Reference MLSA typing Fragments from five housekeeping
genes argH (argininosuccinate lyase), cya (adenylate cyclase), murC (UDP N-acetylmuramate-L-Ala ligase, pta (phosphate acetyltransferase) and purH (phoshoribosylminoimiazolcarboxylase ATPase subunit) were amplified using the sets of primers as previously described (21). The sequences of each one of these five housekeeping genes retrieved from 48 M. Mocetinostat abscessus sequenced genomes, were also included in the MLSA analysis (Additional file 1). MST analysis Sequences of the whole intergenic spacers were extracted from the reference M. abscessus CIP104536T (ATCC19977) genome (GenBank accession CU458896.1) using the perl script selleck products software and a total of 8 spacers with a 200-700-bp sequence size were further used in analysis. For each of these 8 spacers, specific PCR primers were designed using Primer3 software v 0.4.0 ( http://frodo.wi.mit.edu/primer3) and tested in silico for specificity using BLAST software ( http://www.ncbi.nlm.nih.gov).

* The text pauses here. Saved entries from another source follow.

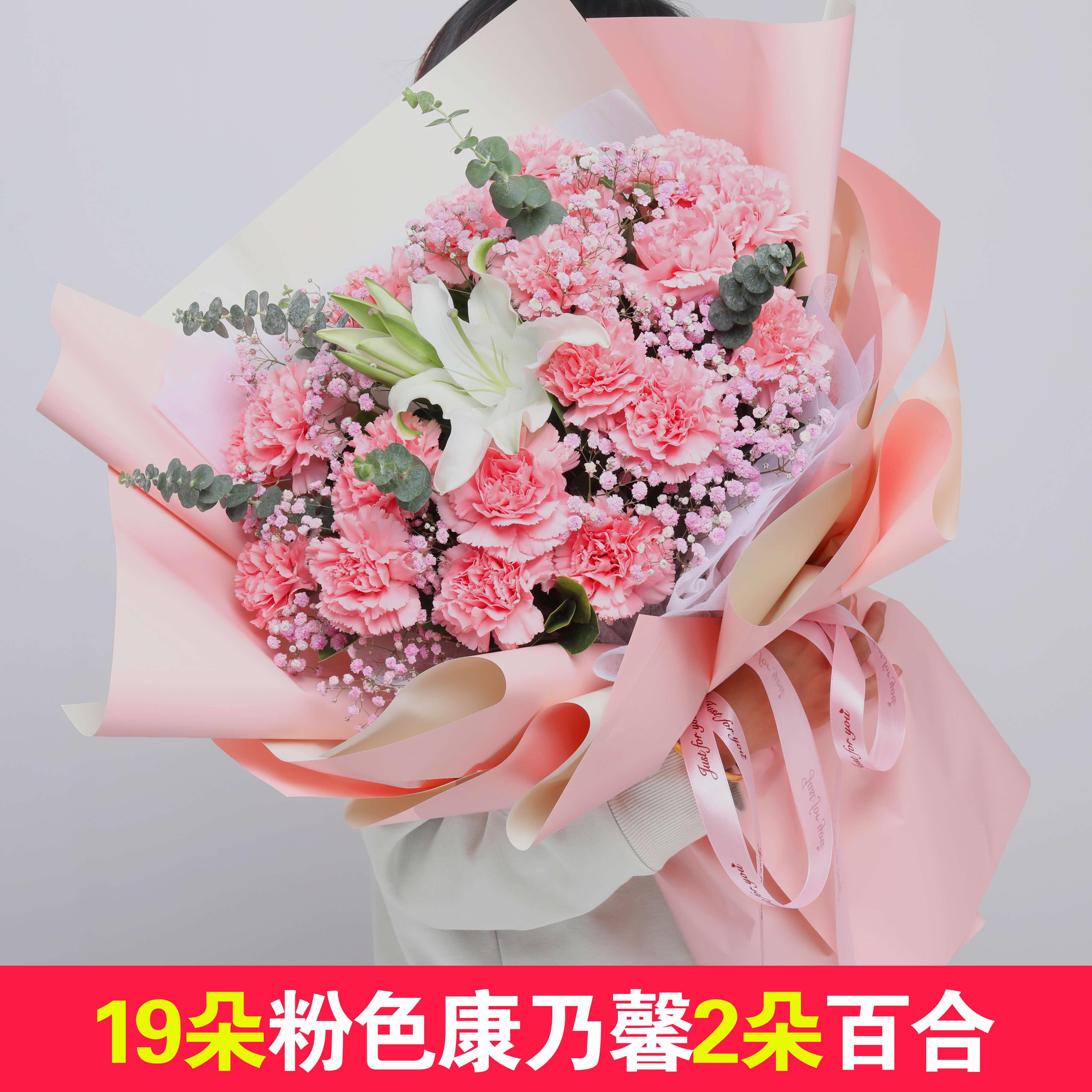 19朵粉色康乃馨搭配一支百合花束 由于鲜花都是鲜活的植物,属于一次性消费品、一但下单后安排我们不以任何理由申请退款的哦~ 请亲下单前一定要慎重考虑好、确认好收花人当天是否在您填写的收货地址~ 节日期间(如母亲节、七夕、情人节、妇女节、教师节、光棍节、平安夜,圣诞节等),鲜花价格均有上涨,具体请和客服联系确定,最终价格以双方商定为准! 以上节假日都只能当天送达,不接受定时送达,谢谢理解, 温馨提示: 鲜花是手工制作的商品,网页照片作为参考图片,具体已收到的实物照片为准,谢谢你的理解和支持!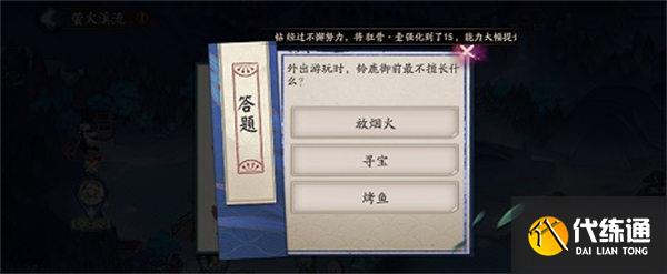 阴阳师外出游玩时铃鹿御前最不擅长什么答案选什么?阴阳师外出游玩时铃鹿御前最不擅长什么答案怎么选?阴阳师外出游玩时铃鹿御前最不擅长什么正确答案是哪个?外出游玩时铃鹿御前最不擅长什么,这是阴阳师7月14日萤火溪流答题活动中的问题,很多玩家想知道问题的答案是什么,这里给大家带来阴阳师外出游玩时铃鹿御前最不擅长什么答案解析。阴阳师外出游玩时铃鹿御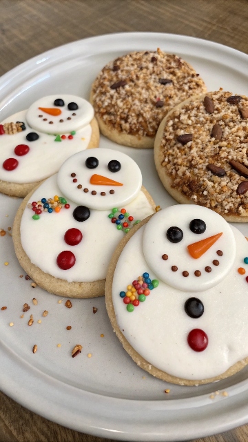 Add a twist to traditional snowman cookies by incorporating nuts. Use a round cookie cutter and decorate with white icing. Add crushed nuts for texture and use candy for the eyes, nose, and buttons. These cookies not only look great but also offer a delightful crunch.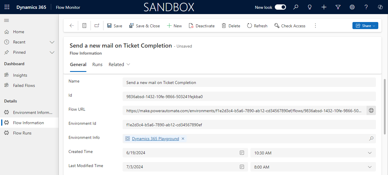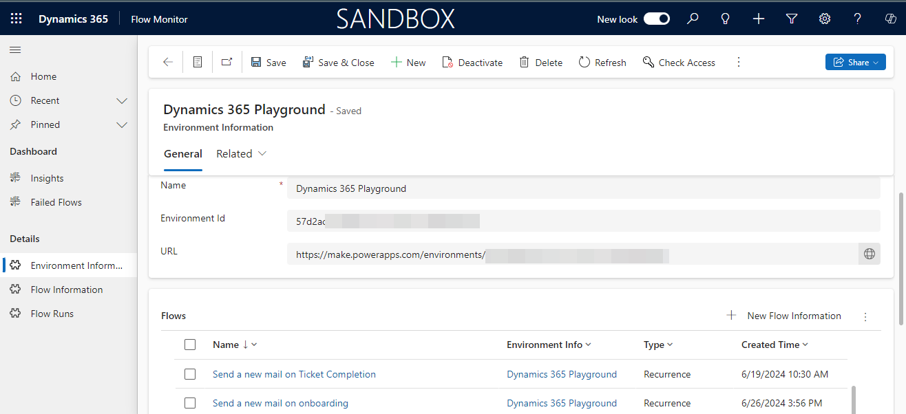 Environment Information: Contains details about the environments in the organization where your flows are running. This includes the environment name, ID, and URL.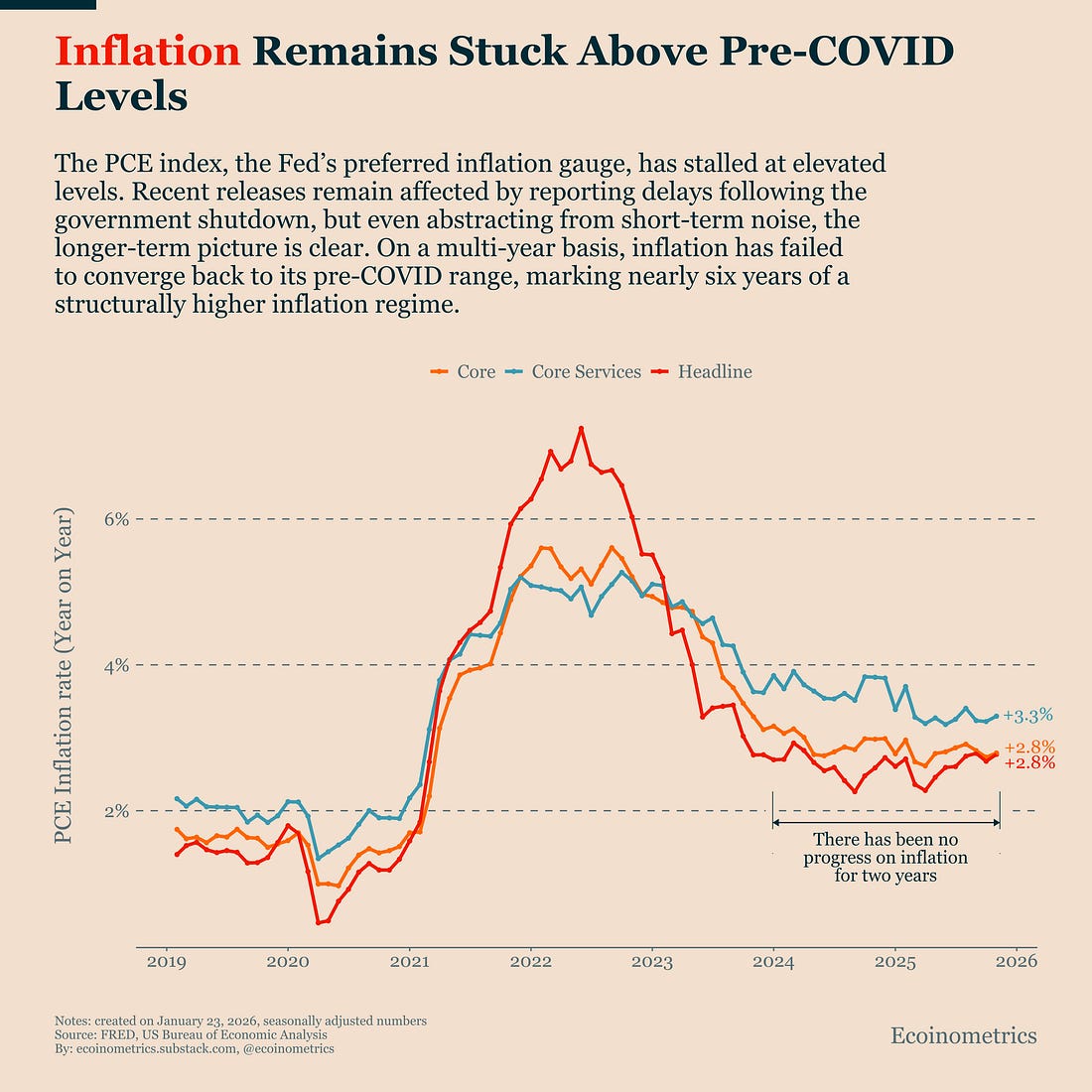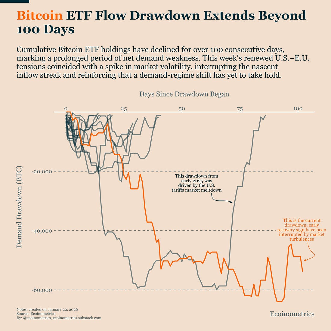 Taken together, these three charts point to the same conclusion from different angles. Bitcoin’s price action isn’t being held back by a single shock or headline risk. It’s being constrained by a broader setup where fresh demand remains fragile, capital continues to favour defensive assets during uncertainty, and monetary policy lacks the room to turn meaningfully supportive. That combination doesn’t rule out recovery. But it does mean that upside remains conditional, easily interrupted, and highly sensitive to confirmation rather than narrative. In this environment, what matters most is not isolated signals, but whether they can reinforce each other over time. In case you missed it, here are the other topics we covered this week: Get these professional-grade insights delivered to your inbox: Still No Demand Regime Change for BitcoinLast week, Bitcoin briefly crossed an important threshold: rolling 30-day ETF flows turned positive. That matters because sustained ETF inflows are a precondition for any durable price recovery. Without new capital consistently entering through ETFs, upside moves tend to stall rather than compound. We also flagged at the time that this was only an early signal, not confirmation. This week made that distinction clear. Renewed geopolitical tensions spilled into broader markets, triggering another bout of risk-off behaviour… again. Since the start of the Trump administration last year, this pattern has repeated itself again and again: periods of calm interrupted by tariff threats, policy headlines, and sudden volatility. Most risk assets managed to recover from the latest shock. Bitcoin didn’t. The reason is simple. Bitcoin isn’t just dealing with macro uncertainty, it’s also coming off a deep and prolonged drawdown in capital flows. As the chart shows, cumulative Bitcoin ETF flows have now been in drawdown for more than 100 consecutive days. That’s an unusually long stretch of sustained net demand weakness. When demand is this fragile, even modest spikes in volatility are enough to interrupt recovery attempts, which is exactly what happened this week, as the nascent inflow streak broke once again and rolling flows are negative once more. The result is a market that remains unresolved. A recovery is still possible, but it is not yet self-reinforcing. Until ETF inflows can persist through periods of broader market stress, Bitcoin remains in an undecided demand regime rather than a confirmed recovery phase. Gold ETF Flows Are Catching Up to BitcoinEarlier this week, we looked at how correlation dynamics across macro assets influence Bitcoin’s behaviour. One of the key conclusions was that, in the current environment, gold has been quietly benefiting at Bitcoin’s expense. When you zoom out, that shift becomes very clear. The chart below compares cumulative net flows into Bitcoin ETFs and gold ETFs since the launch of spot Bitcoin ETFs in early 2024. Bitcoin initially dominated, attracting significantly more capital than gold. But that gap has narrowed sharply over the past few months. Since November, Bitcoin ETF flows have stalled. Gold ETF flows haven’t. As a result, gold is now only about $6 billion behind Bitcoin’s roughly $58 billion in cumulative net inflows over the same period. And the gap continues to close. This isn’t happening because gold and Bitcoin are telling different long-term stories. In fact, they share many of the same structural narratives around hard assets and protection against monetary debasement. The difference shows up in the short term. Repeated risk-off episodes (many tied to U.S. tariff threats and policy uncertainty since 2025) have consistently favoured gold. During those moments, gold tends to attract fresh inflows, while Bitcoin behaves more like a risk asset and struggles to retain momentum. In other words, even when both assets rise over long horizons, their demand dynamics diverge when uncertainty spikes. And over the past year, those spikes have been frequent enough to steadily tilt relative flows toward gold. Inflation Data Is Not Conducive to Rate CutsMarkets broadly expect the upcoming FOMC meeting to result in no change to the policy rate. Part of that expectation is political. Fed Chair Jerome Powell has been explicit that monetary policy will remain data-driven, and cutting rates while facing overt political pressure would require a clear justification in the numbers. That justification isn’t there. The labor market hasn’t broken, despite repeated fears over the second half of 2025. And inflation continues to pose essentially the same challenge it did two years ago. The chart below shows year-on-year PCE inflation, which I remind you is the Fed’s preferred gauge of inflation. Even smoothing out short-term noise and data delays related to the government shutdown, the message is straightforward: inflation has been stuck at elevated levels for roughly two years. More importantly, it remains well above its pre-COVID range. That matters because the COVID shock is no longer recent history. We are now nearly six years removed from the 2020 crisis. Year after year of inflation running above target compounds, both economically and politically, and it limits how much flexibility the Federal Reserve has. Absent a clear downside surprise in inflation or a sudden deterioration in growth, this makes a fast or aggressive rate-cutting cycle unlikely. Cuts may still come eventually, but they are likely to be cautious and conditional rather than front-loaded. This isn’t a new message from the Fed, and it probably won’t rattle markets on its own. But it does act as a brake on how quickly risk-on assets can expand, even if it lacks the shock value of tariff headlines or geopolitical flare-ups. Tactical TakeawayThe current setup argues for restraint rather than anticipation. Bitcoin is not facing an outright hostile environment, but it is still operating without durable demand confirmation and without mean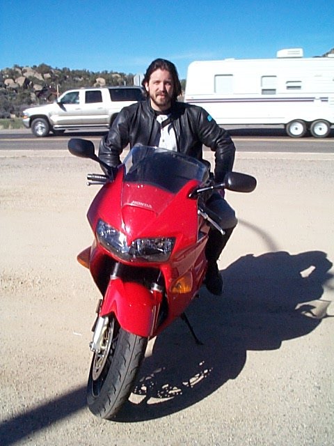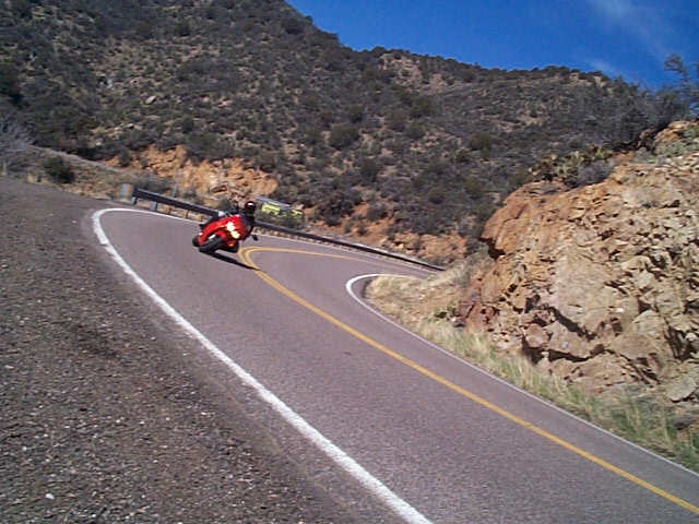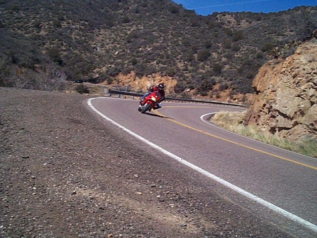 Still no shows, and it was around 11 or so. Hoping no one had gotten hurt. Anyway, we mounted our respective steeds, and fired them up. Two V-Twins, and my V-Four. Good sounds. I led the group towards Prescott at a very sedate pace as we did the straights approaching the twisties. We then got to the base of the mountain. This is what we had been waiting for! 15 miles of pure, unadulterated fun. Clean roads, good surface, and easily disposed of traffic. I had the VFR going back and forth from full lean to full lean. Nearly a sexual experience, it can be! About 5 miles from the top, we came to a dead stop. Fire trucks and cops were tending to something. At first, I thought speed trap, but not with a fire truck. After a minute or two, we were moving along, and passed a group of riders standing there. Wait! These were the guys from this morning, looking none too happy. We proceeded about a mile up the road, and decided that since traffic was heavier due to the roadblock, we would snap a few "action" shots. Here's Bob, Jack and me, doing our best knee dragging! OK, so we only had one try at it.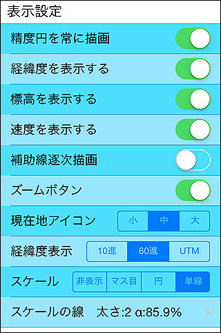 メイン画面に距離の目安を表示します。非表示、グリッド、円、単線の4つから選べるので好きなスケールを表示してください。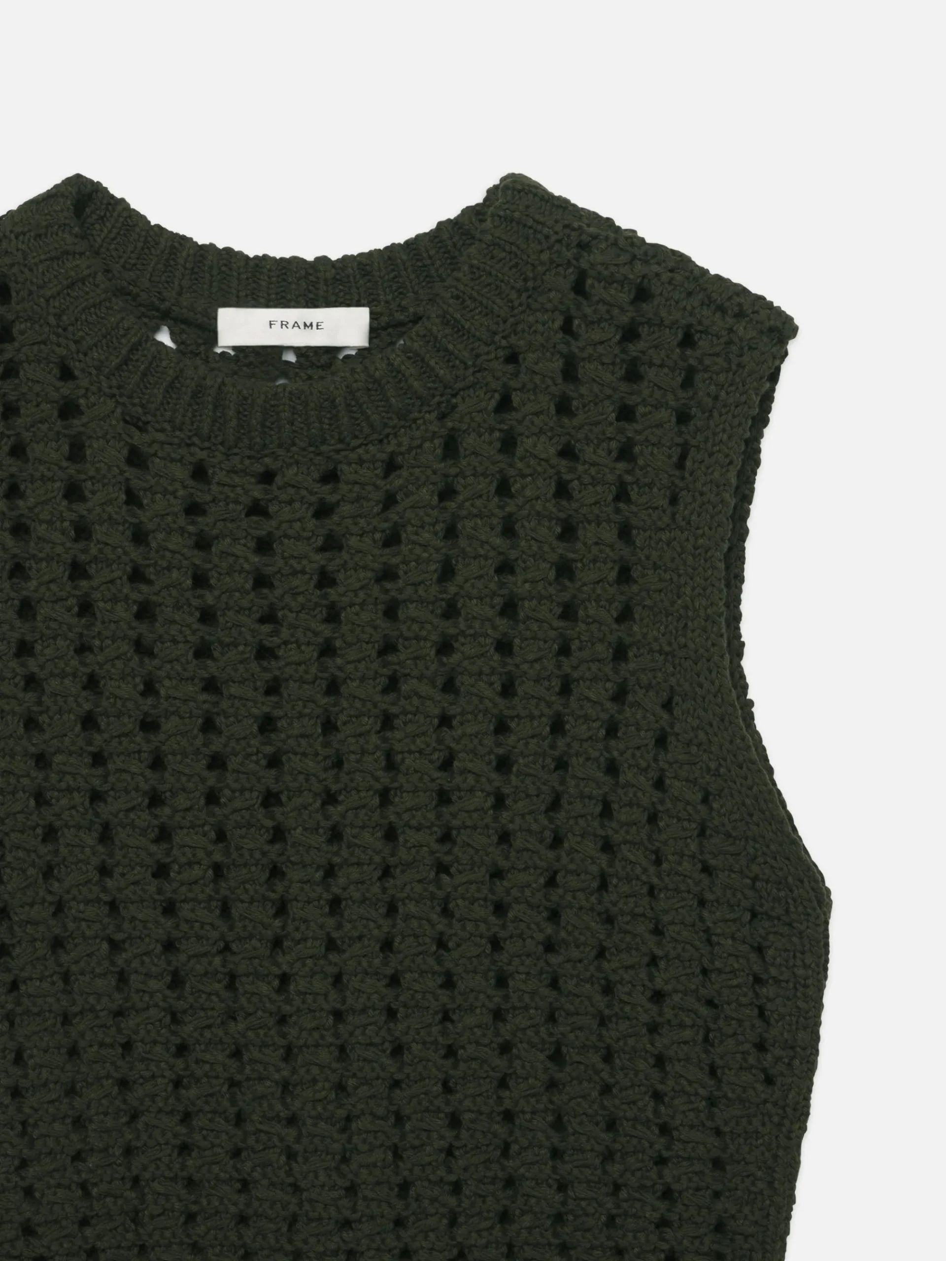 This sweater vest is knit in a crochet-like stitch from cotton tape yarn that offers a chic textured look. Given the slightly shrunken fit, it pairs especially well with high-waisted jeans and pants.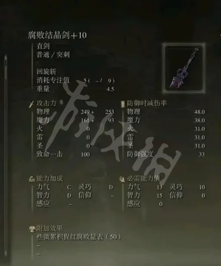 作為結晶劍的一種,面板同樣不俗,但是要低不少。但是少掉的面板換成了猩紅腐敗,自帶猩紅腐敗的武器很少,有就珍稀吧。自帶猩紅的情況下,有著依然不俗的面板,依然是推薦法師用,高面板還帶猩紅,值得一用。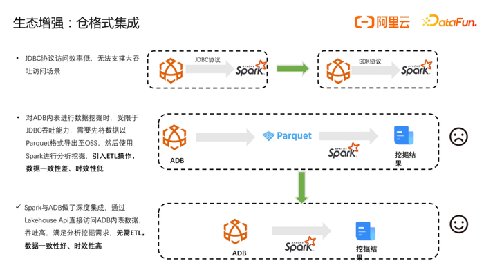 如客户有对内表进行挖掘分析的诉求,但受限于JDBC吞吐能力,需要先将数据以Parquet格式导出至OSS,然后使用Spark进行分析挖掘,引入ETL操作,数据一致性差、时效性低

The PCR conditions were first optimized using DNA extracted from the reference M. abscessus, “M. bolletii” and “M. massiliense” isolates before analysis of DNA extracted from the 17 clinical isolates (Table 1). The PCR amplifications were performed in a 50 μl PCR mixture containing 5 μl 10x buffer (Qiagen, Courtaboeuf, France), 200 mM each dNTP, 1.5 mM MgCl2, 1.25 U HotStarTaq polymerase (Qiagen), 1 μl each primer (10 pM), 33 μl nuclease-free water and 5 μl DNA template. The amplification program consisted of an initial 15 min denaturation step at 95°C followed by 40 cycles of 30 s at 95°C, 30 s at 60°C and 1 min at 72°C; the amplification was completed by a final Selleck NVP-HSP990 5-min elongation step at 72°C. Negative controls consisting of PCR mixture without DNA template were included in each PCR run. The products were visualized by gel electrophoresis, purified using a MultiScreen PCR filter plate (Millipore, Molsheim, learn more France) and sequenced in both directions using the
BigDye Terminator sequencing kit (Applied Biosystems, Villebon-sur-Yvette, France), as previously described [27]. The sequences were edited using the ChromasPro software (version 1.42; Technelysium Pty Ltd), aligned using Clustal W (MEGA 5 software) and compared with the reference M. abscessus ATCC 19977 sequences (GenBank accession CU458896.1). For MST and MLSA discrimination power was calculated using the Hunter-Gaston Index [31]: where D is the numerical index of discrimination, N is the total number of isolates in the sample population, s is the total number of different types and nj is the number of isolates belonging to the jth type. Phylogenetic analysis Phylogenetic trees were constructed based on rpoB gene, concatenated MLSA genes, concatenated spacers and MST spacer n°2 sequences using the neighbor–joining method with Kimura’s two-parameter (K2P) distance correction model with 1000 bootstrap replications in the MEGA version 5 software package [32].